Then they were ordered to undress themselves, and make ready for the fire; which they accordingly did. Bishop Ridley took off his gown and tippet, and gave them to his brother-in-law; who had staid at Oxford all the time of his imprisonment, on purpose to supply his wants, and furnish him with necessaries. He gave away other small presents to the gentlemen there attending, to keep in memory of him; and when he was stripped to his shirt, he lifted up his hands, and said, "O heavenly father, I give thee most hearty thanks, for that thou hast called me to be a professor of thy truth, even un to death; and I beseech thee, O Lord God, to have mercy of this realm, and deliver it from all its enemies." Then he recommended the cause of his sister, and his poor tenants to lord Williams, who promised to serve them to the uttermost of his power. After this he was fastened to the stake, and a bag of gun-powder tied about his neck. By reason of the ill making of the fire, his nether parts were quite consumed before the flame reached his upper; which grievous torture he endured with the constancy and fortitude of a primitive martyr. At last one of the standers-by pulled off, with his bill, some of the uppermost faggots, and gave vent to the flame; Bishop Ridley in the mean time praying to God, to have mercy upon him, and to receive his soul. When the flame reached the gun-pow. der, he expired and fell down over the chain into the fire. The great station he had formerly been in, the many excellent virtues he was endowed with, and the singular learning for which he was admired, could not but heighten the melancholy of this dismal spectacle; and extorted tears from his bitterest enemies. The lord Dacres, who

was his kinsman, offered the Queen ten thousand pounds, to save him from the stake: but she refused it, and would hear of no intercession for him, Gardiner and Bonner having made her inflexible, and deaf to all petitions for mercy.

Nature had enriched him with the most exquisite abilities and endowments; he had a clear apprehension, a prompt wit, an acute method of reasoning, a pregnant invention, a graceful and ready utterance, and a strong and lively memory. His unwearied application to his studies, while at Cambridge, and his great proficiency in philosophy and divinity, were the subject of universal admiration. He set himself particularly, with all possible seriousness and industry to read and understand the holy scriptures; and above all, peculiarly studied St. Paul's epistles, which he could repeat by heart, in the original Greek. In the pulpit he distinguished himself, by the clearness and perspicuity, the beauty and exactness of his discourses, and by the great insight he gave his audience, into the true sense of the most difficult passages of scripture; in expounding which, there were none who could go before him, and few who came near him. He reproved the vices of those times with the greatest impartiality, and yet with that sweetness and tenderness, that gentle and mild insinuation, that the most obstinate offenders could not but love and thank him, for his charitable corrections and admonitions. His humility was as great as his learning; he was a stranger to all ostentation and vain glory, and abhorred no vice more than pride and selfsufficiency. His letter to Bishop Hooper, is a lasting monument of his wonderful humility, meekness, and modesty, in which he so far extenuates the faulty obstinacy of that mistaken man, as to choose rather to charge himself with folly, than to seem, at that juncture, to lay the least blame on one who was a prisoner for the common faith, When promoted to the see of Rochester, and afterwards to that of London, though it might seem requisite for him to have entered into a married state, that his domestic concerns and household cares might be the better discharged and looked after; yet he chose rather to confide entirely in the honesty and industry of his servants, than divorce himself so much from his beloved studies, and private exercises of his religion, as he foresaw a conjugal state would require. He is indeed reckoned by Saunders, in his book de Schismate Anglicano, among the married clergy: But no regard is to be had to that author, in any thing; his whole book being stuffed with false and idle tales, and the most groundless and absurd calumnies on the reformed Church of England.

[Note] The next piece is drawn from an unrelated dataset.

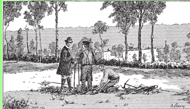
Fig. 1 : Premiers sondages effectués sur le site de La Coulonche au XIX e siècle (gravure d'après Appert, Challemel 1893).

L'officine de faux-monnayeurs de La Coulonche (Orne) : nummi coulés de la Tétrarchie en Occident By JÉRÉMIE CHAMEROY et PIERRE-MARIE GUIHARD

I have taken notice of his regular economy, his constant devotion, his diligence in preaching, his zeal, not only against Popery, but against all dangerous deviations into contrary extremes, and his brave opposition to the sacrilegious designs of some of the leading men at court; and shall therefore add nothing more on these heads.

The irregularities of his clergy, which were much increased by the connivance, not to say example, of his predecessor Bonner, he corrected sharply; and, though it created him no small envy and opposition, went through it severely and impartially; suspending and discharging those, whom no exhortations and admonitions could re

claim. He neither feared nor spared the greatest, nor overlooked and despised the meanest. In all the course of his life, he showed himself of too brave a spirit, to be awed from a faithful and censcientious discharge of his duty, by any terrors or threatenings; and of too generous a heart, to be bribed from it by any temporal interest, or the most large and tempting promises.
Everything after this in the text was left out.